Data extracted from a collection:
- Opening Delimiter -
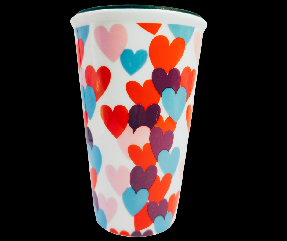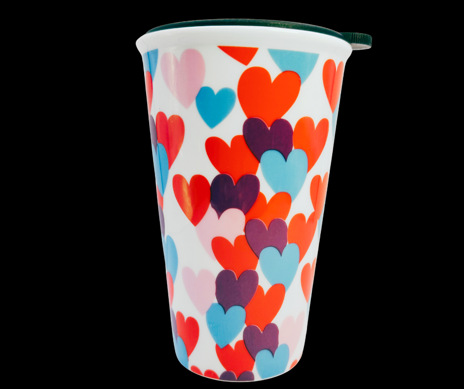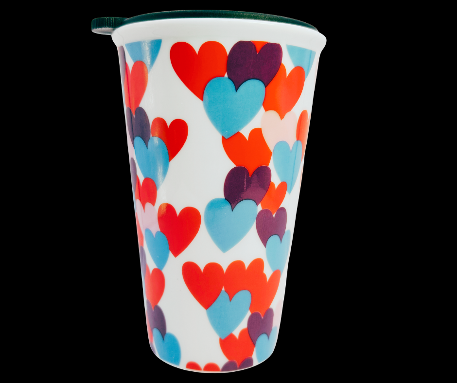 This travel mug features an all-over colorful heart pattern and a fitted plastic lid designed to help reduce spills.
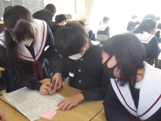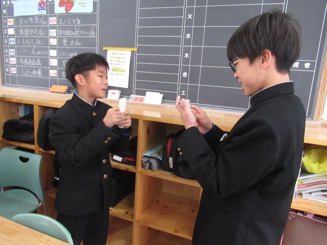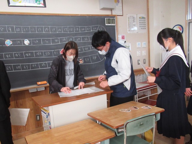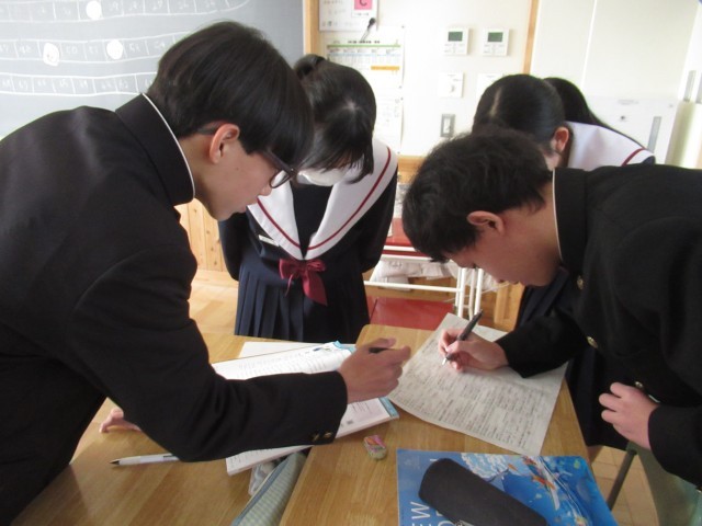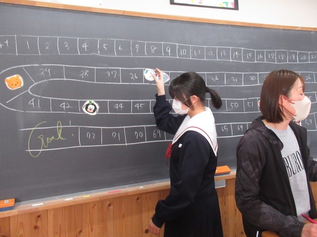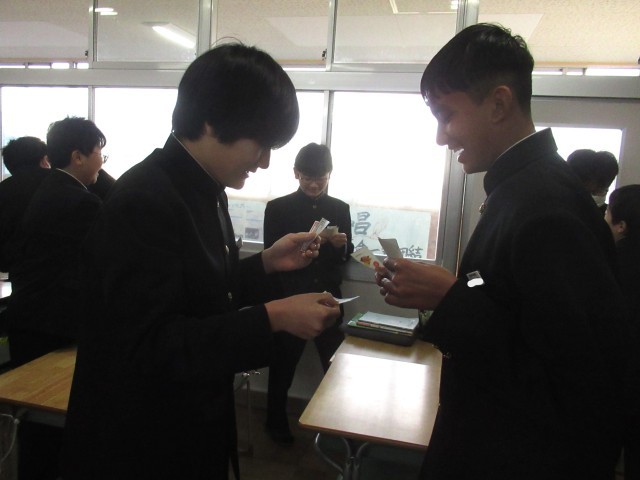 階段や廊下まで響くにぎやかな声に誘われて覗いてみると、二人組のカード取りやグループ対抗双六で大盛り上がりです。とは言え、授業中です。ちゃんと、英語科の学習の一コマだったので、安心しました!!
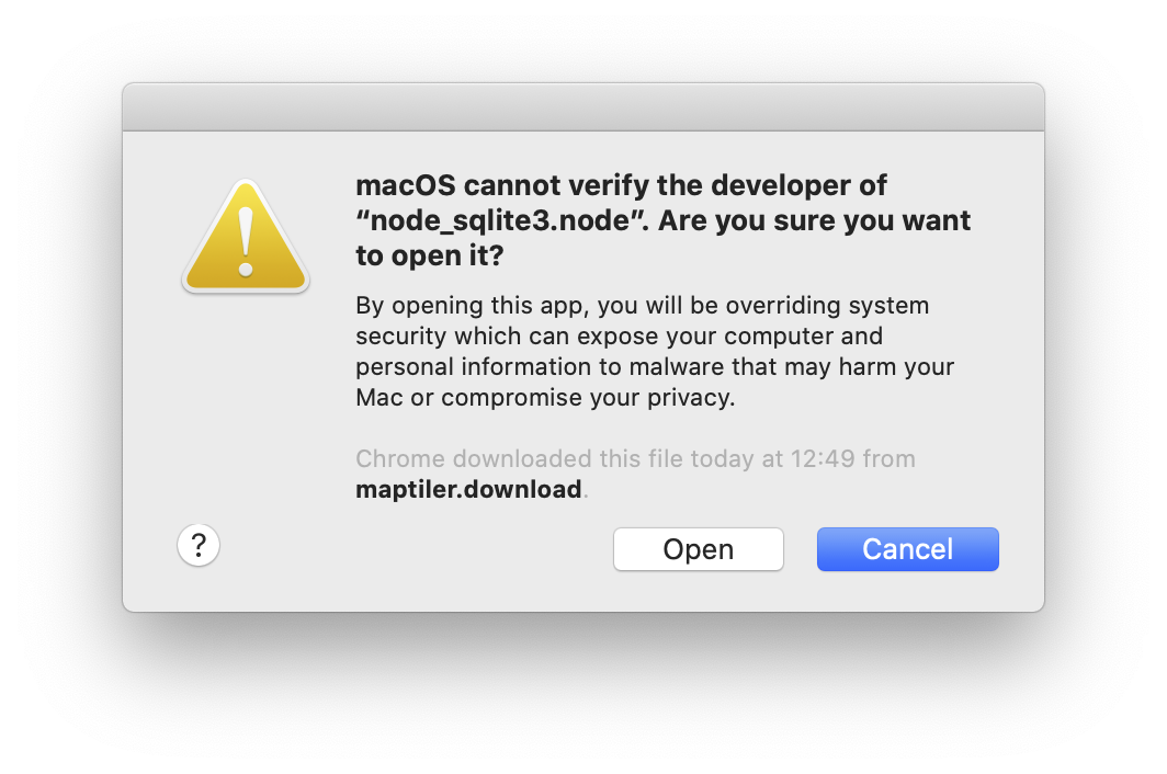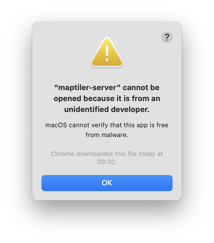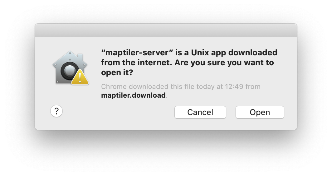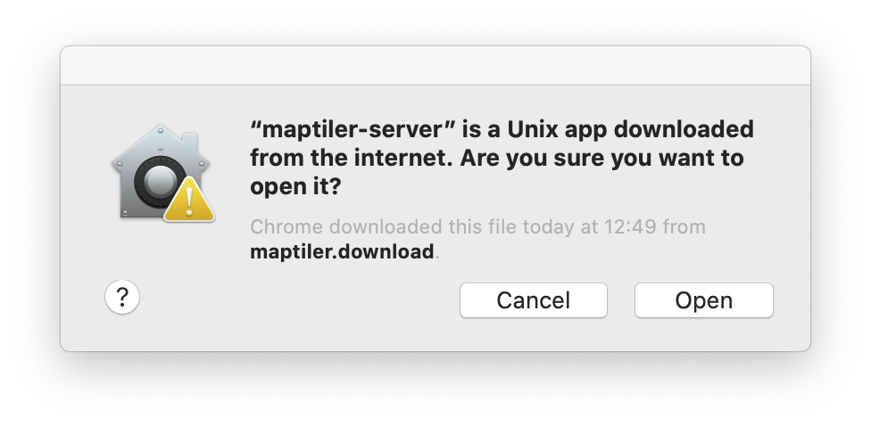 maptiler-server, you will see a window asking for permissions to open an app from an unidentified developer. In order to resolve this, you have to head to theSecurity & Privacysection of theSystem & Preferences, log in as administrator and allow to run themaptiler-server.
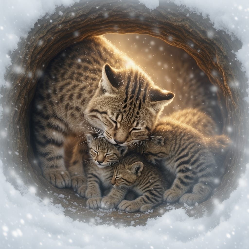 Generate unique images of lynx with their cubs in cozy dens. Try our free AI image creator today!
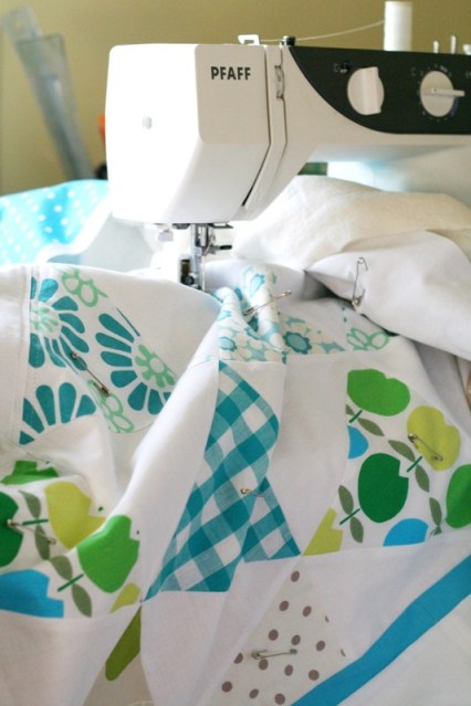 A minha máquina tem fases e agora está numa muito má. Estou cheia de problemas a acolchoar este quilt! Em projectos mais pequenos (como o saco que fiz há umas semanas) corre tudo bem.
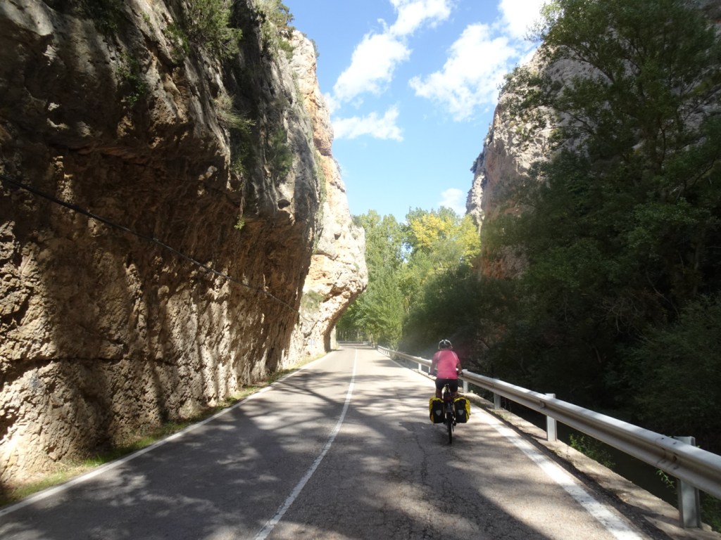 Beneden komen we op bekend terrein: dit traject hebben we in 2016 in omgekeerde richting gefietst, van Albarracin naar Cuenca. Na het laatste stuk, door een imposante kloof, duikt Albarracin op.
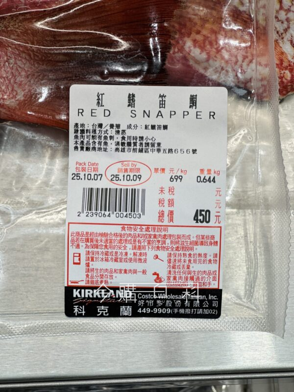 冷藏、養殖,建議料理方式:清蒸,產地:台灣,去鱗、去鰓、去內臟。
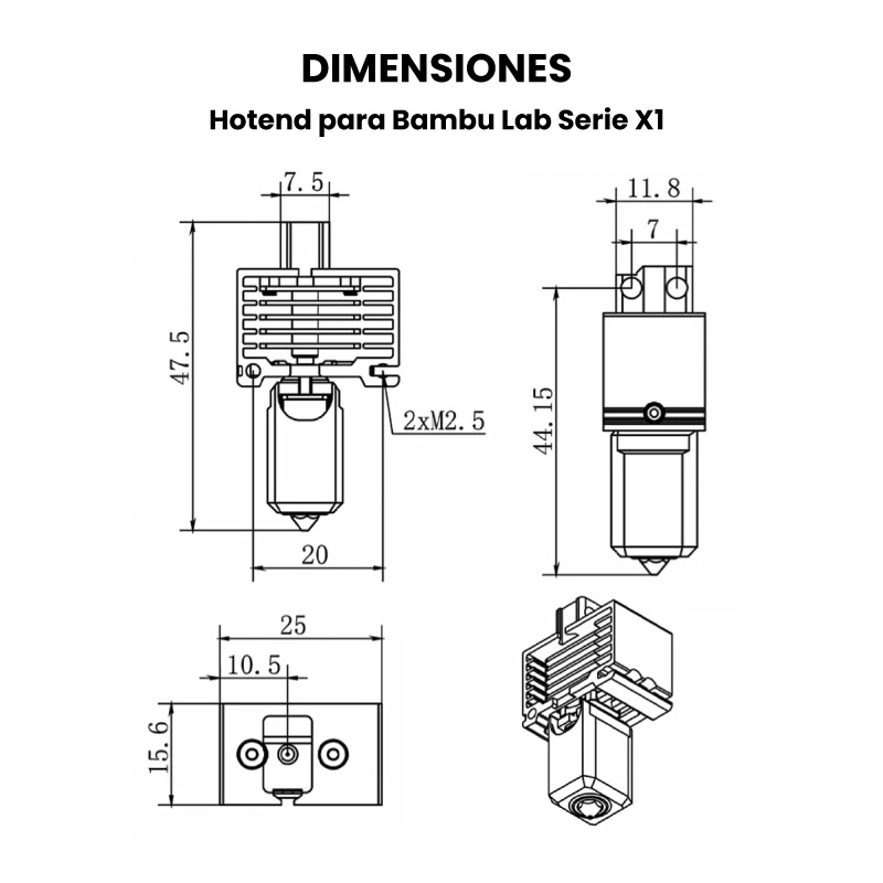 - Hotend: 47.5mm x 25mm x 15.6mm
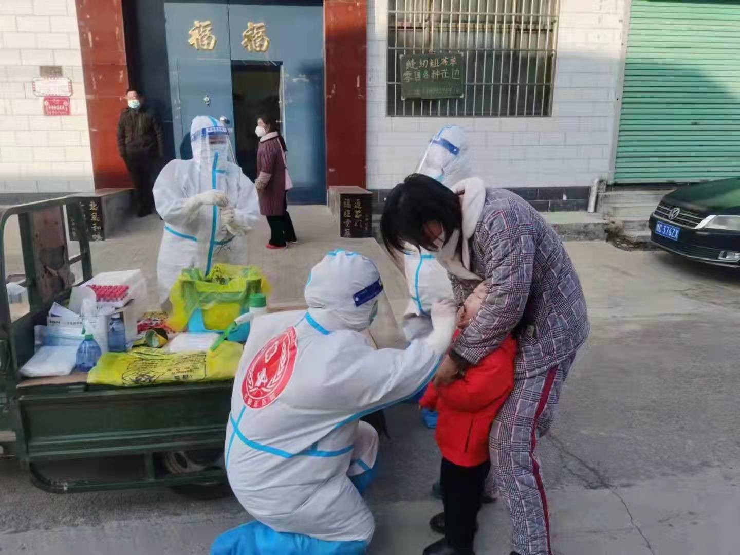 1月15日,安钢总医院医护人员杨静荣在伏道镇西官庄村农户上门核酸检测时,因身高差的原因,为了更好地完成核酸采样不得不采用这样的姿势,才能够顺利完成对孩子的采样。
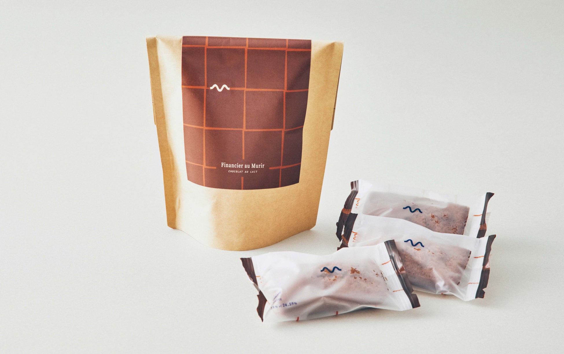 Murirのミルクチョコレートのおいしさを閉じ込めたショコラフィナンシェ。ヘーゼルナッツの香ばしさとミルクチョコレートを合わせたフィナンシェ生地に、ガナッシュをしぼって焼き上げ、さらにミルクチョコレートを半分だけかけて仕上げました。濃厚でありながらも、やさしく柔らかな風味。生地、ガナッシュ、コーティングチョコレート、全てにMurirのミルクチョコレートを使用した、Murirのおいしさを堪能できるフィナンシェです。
- Closing Delimiter -
- What you have to do
Your copy should match the records above exactly, except that it contains no pictures.

- Response to the task
 This travel mug features an all-over colorful heart pattern and a fitted plastic lid designed to help reduce spills.
 階段や廊下まで響くにぎやかな声に誘われて覗いてみると、二人組のカード取りやグループ対抗双六で大盛り上がりです。とは言え、授業中です。ちゃんと、英語科の学習の一コマだったので、安心しました!!
 maptiler-server, you will see a window asking for permissions to open an app from an unidentified developer. In order to resolve this, you have to head to theSecurity & Privacysection of theSystem & Preferences, log in as administrator and allow to run themaptiler-server.
 Generate unique images of lynx with their cubs in cozy dens. Try our free AI image creator today!
 A minha máquina tem fases e agora está numa muito má. Estou cheia de problemas a acolchoar este quilt! Em projectos mais pequenos (como o saco que fiz há umas semanas) corre tudo bem.
 Beneden komen we op bekend terrein: dit traject hebben we in 2016 in omgekeerde richting gefietst, van Albarracin naar Cuenca. Na het laatste stuk, door een imposante kloof, duikt Albarracin op.
 冷藏、養殖,建議料理方式:清蒸,產地:台灣,去鱗、去鰓、去內臟。
 - Hotend: 47.5mm x 25mm x 15.6mm
 1月15日,安钢总医院医护人员杨静荣在伏道镇西官庄村农户上门核酸检测时,因身高差的原因,为了更好地完成核酸采样不得不采用这样的姿势,才能够顺利完成对孩子的采样。
 Murirのミルクチョコレートのおいしさを閉じ込めたショコラフィナンシェ。ヘーゼルナッツの香ばしさとミルクチョコレートを合わせたフィナンシェ生地に、ガナッシュをしぼって焼き上げ、さらにミルクチョコレートを半分だけかけて仕上げました。濃厚でありながらも、やさしく柔らかな風味。生地、ガナッシュ、コーティングチョコレート、全てにMurirのミルクチョコレートを使用した、Murirのおいしさを堪能できるフィナンシェです。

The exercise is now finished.